We must also remember, as we again pledge Never again what led up to these tragic events. The roots lay in the colonial history of divide and rule; the continuation of treating certain groups in society as the Other; the earlier attempts at ethnic cleansing; the discrimination and hate speech shortly before; the systematic planning to exterminate the Tsutsis and anyone opposing this; the complicity (either by omission or commission) of the international community, including our own organisation and the failure by all of us to intervene as the massacres unfolded before our eyes.
It indeed became a case of the triumph of evil, as good men and women did nothing, until the liberation of Rwanda by the RPF, which put a stop to the slaughter – a long 100 days later.
Excellencies, Ladies and Gentlemen
We remember, as President Kagame said so eloquently a few days ago at in Kigali:
“Rwanda was supposed to be a failed state. We could have become a permanent U.N. protectorate, with little hope of ever recovering our nationhood.
We could have allowed the country to be physically divided, with groups deemed incompatible assigned to different corners.

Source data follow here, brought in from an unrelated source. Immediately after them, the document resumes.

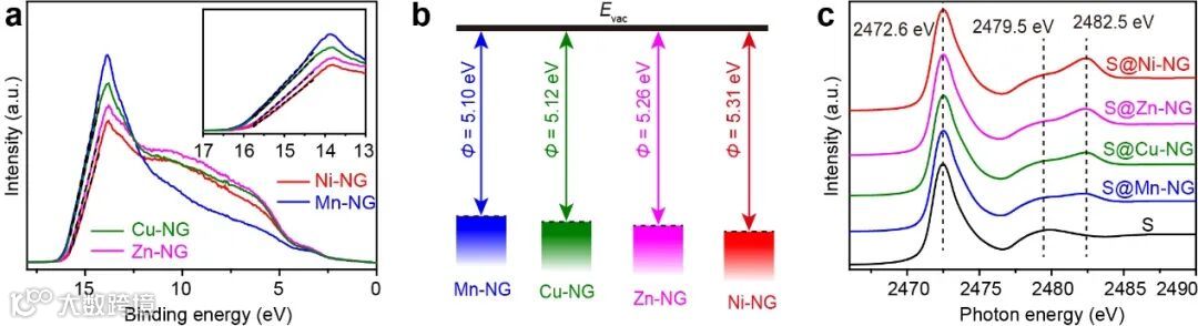 图3.(a-b)Mn-NG、Ni-NG、Cu-NG和Zn-NG的费米能级。(c)S、S@Mn-NG、S@Cu-NG、S@Zn-NG和S@Ni-NG中S的K-edge的XANES谱图。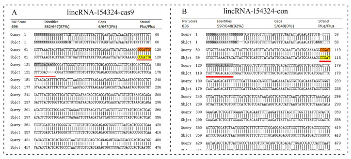 The sequence detection results for lincRNA-154324 knockout. (A) Alignment of caudal fin sequences from the control and the lincRNA-154324-cas9-knockout F0-generation adult zebrafish. (B) Alignment of caudal fin sequences from the control and the lincRNA-154324-con F0-generation adult zebrafish. Highlight, red line and red box: indicates the knockout target site area.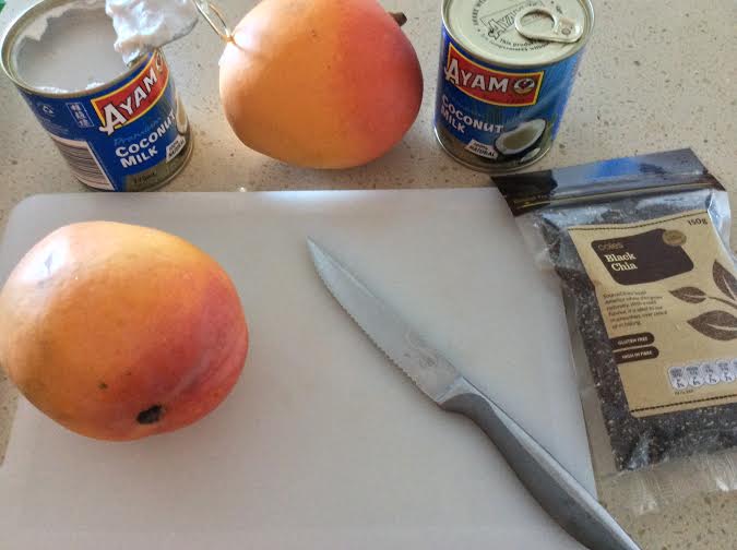 1. Simply cut your mangoes into small chunks, add coconut milk and then chia seeds. Stir in then place into fridge.

We could have been engulfed in a never-ending civil war with endless streams of refugees and our children sick and uneducated.
But we did not end up like that. What prevented these alternative scenarios was the choices of the people of Rwanda.”

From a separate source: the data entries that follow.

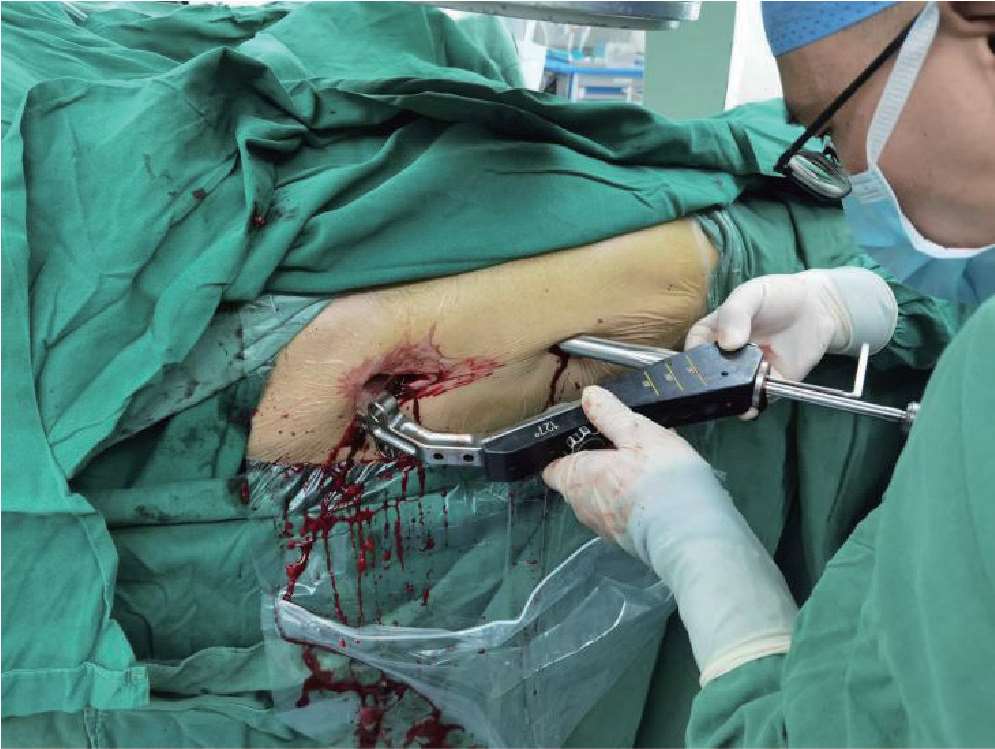 取右股骨近端外侧切口,长约 3 cm,钝性分离外展肌,显露大转子顶点。以大转子顶点处为入口,钻入导针至骨折断端,G型臂透视见导针位置及深度适宜。近端开口,开口软钻及开口管状钻扩髓满意后,置入髓内钉主钉,G型臂透视下调整深度及前倾角合适。将拉力钉套筒穿过拉力钉导向模块并锁扣住,对准相应皮肤位置作一 2 cm小切口,将内套筒穿过并顶住骨皮质。置入拉力钉导针,测深,手动置入拉力钉。移除抗螺旋杆后,拧入加压螺钉直至螺丝刀上的蓝线标记与拉力钉套筒口齐平,最后置入远端交锁钉。G型臂透视确认锁定无误,拆除锁定支架、安装尾帽,G型臂确认尾帽安装无误,骨折解剖复位。清点敷料及器械无误,冲洗,止血,留置负压引流管一根,10×28 角针穿 0 号不可吸收编织线固定(如图 1-9-4)。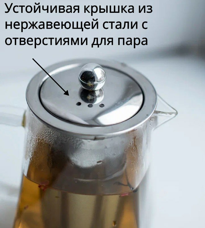 Стеклянный прозрачный заварочный чайник, пирамидальный 950мл, с металлической крышкой и ситечком интересное: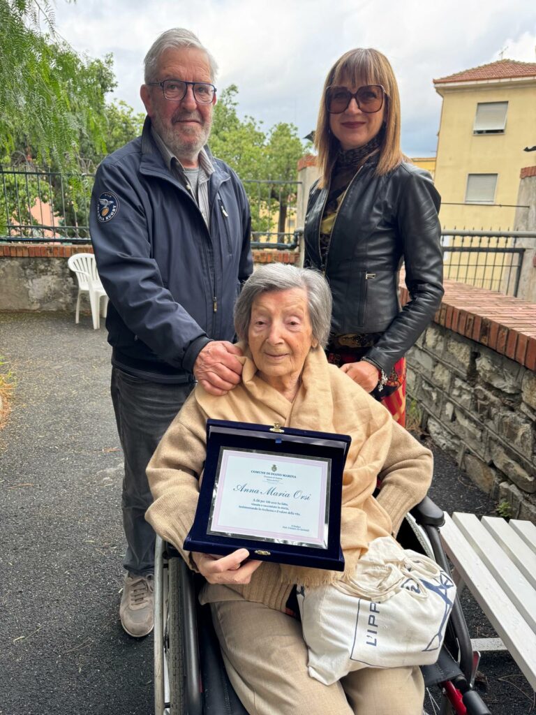 In occasione di questo importante traguardo, il Comune di Diano Marina ha voluto consegnarle una targa commemorativa, come segno di affetto e riconoscenza da parte di tutta la cittadinanza. Alla consegna della targa – con il Sindaco e l’Assessore Sabrina Messico – era presente anche il figlio Stefano.

Rwanda indeed made the choices to unite, to involve all its people – men and women, young and old, victim and perpetrator, Hutu, Tutsi and Twa - in the process of justice, reconciliation and healing, and to build a country that belongs to all.
This is not easy, but it had to be done. It is not a journey of two decades. The country, its leadership and people will have to continue with this journey, climb a hundred more hills, in memory of those who died, for the survivors and more importantly for future generations.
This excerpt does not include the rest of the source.